Working with Strings and Text

As a good primer to working with strings in general, both the Go blog and Rust book have great resources:

The major takeaway is that common text formats such as UTF-8 are hard to quickly index, unless you scan the whole string beforehand.

To that end, Disp deals with bytes and text in a similar way.

Bytes

Bytes are effectively an array of bytes. They can be indexed quickly O(1). Bytes must be converted to some form of textual representation.

Strings

In the common case for developers, it is not necessary to be particular about the specific string encoding. As such, the “String” type is represented by a common format: UTF-8.

Strings are stored in UTF-8 representation for a couple reasons:

  • backwards compatible with ascii, without increasing the size
  • can represent all characters in known language character sets

Performance of Indexing of Strings

Due to the variable byte nature of unicode encodings, it’s not possible to achieve O(1) indexing of strings without scanning the characters.

Some languages achieve O(1) at the cost of incorrectness in some cases, such as Java (charAt always assumes UTF-16, resulting in incorrect indexes for values that require a larger character set).

As such, it is not possible to achieve fast indexing. As UTF-8 is a superset of ascii, it is possible to optimize the performance of the String if it is identified as being ascii. (at that point it’s just finding a byte offset).
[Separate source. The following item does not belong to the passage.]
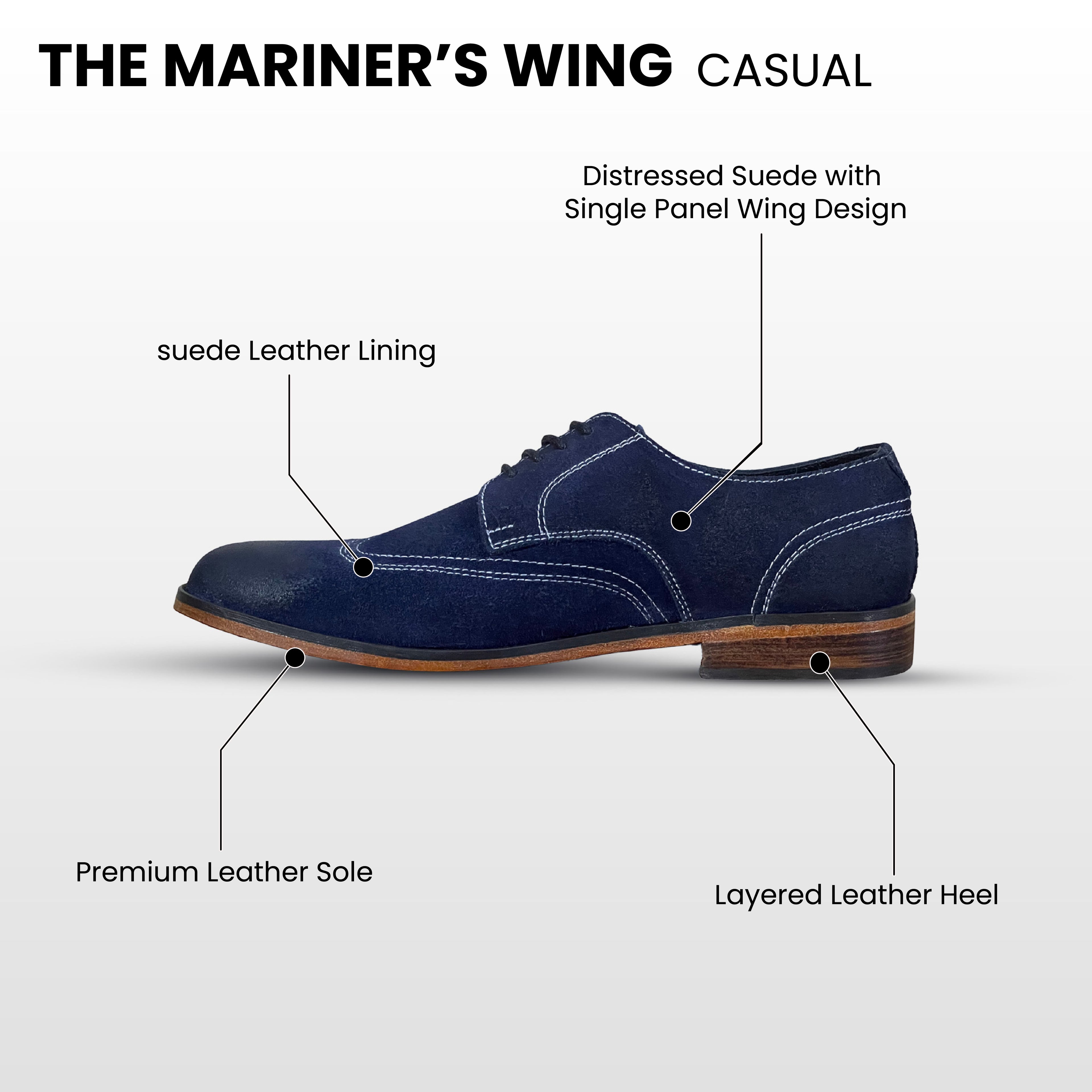 From the quiet confidence of a seasoned sailor to the calm precision of a craftsman’s hand, The Mariner’s Wing captures the essence of timeless exploration. Designed for those who move with purpose, this distressed suede Derby merges maritime inspiration with urban elegance.

In many cases a string being ascii is sufficient, and can result in a significantly higher performance profile O(1) with an offset lookup vs O(n) with a scan:

  • developer logging
  • API error messages could be reduced to english

All of this implies that the “string” type in disp should be a layer of abstraction that ensures performance in many common cases, although there should still be space for a more custom data type. (potentially allow compile-time reading of literals.
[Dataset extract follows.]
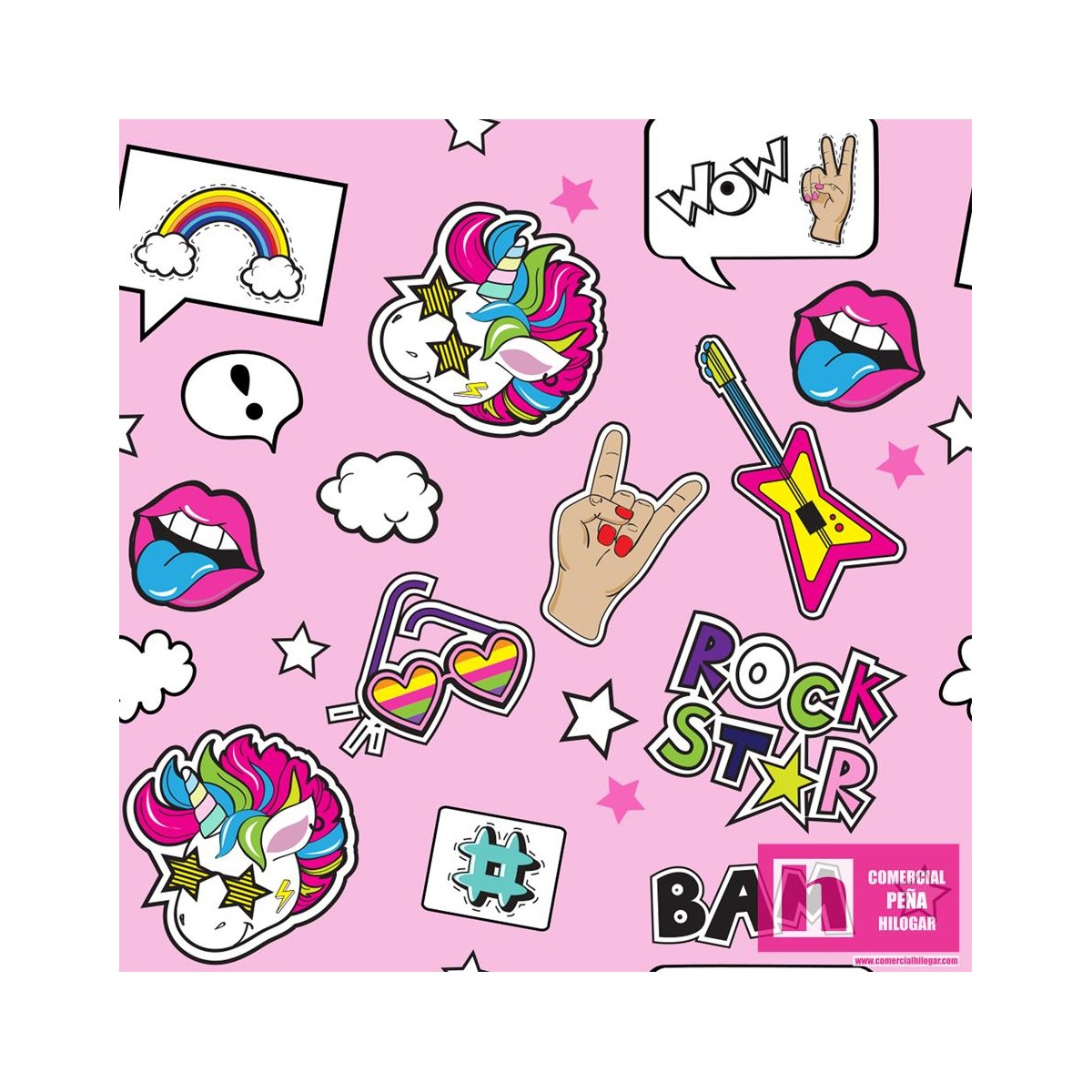 62720 TEJIDO ESTAMPADO UNICORNIO ROCK STAR (02) 1.50 M. ALGODON 100% ROSA Venta en piezas de 5.00 M

Individual characters in a string are referred to as Runes

It is common nomenclature to call a single byte in an ascii string a “char” or character. As UTF-8 strings can be multiple bytes, we will use the word “Rune” to describe a single UTF-8 character.

No cost to convert from Bytes to a String

It’s often value to parse raw bytes into text, as the bytes being read in are guaranteed to be UTF-8.

In that case, it’s possible to do a simple type coercion at no runtime cost.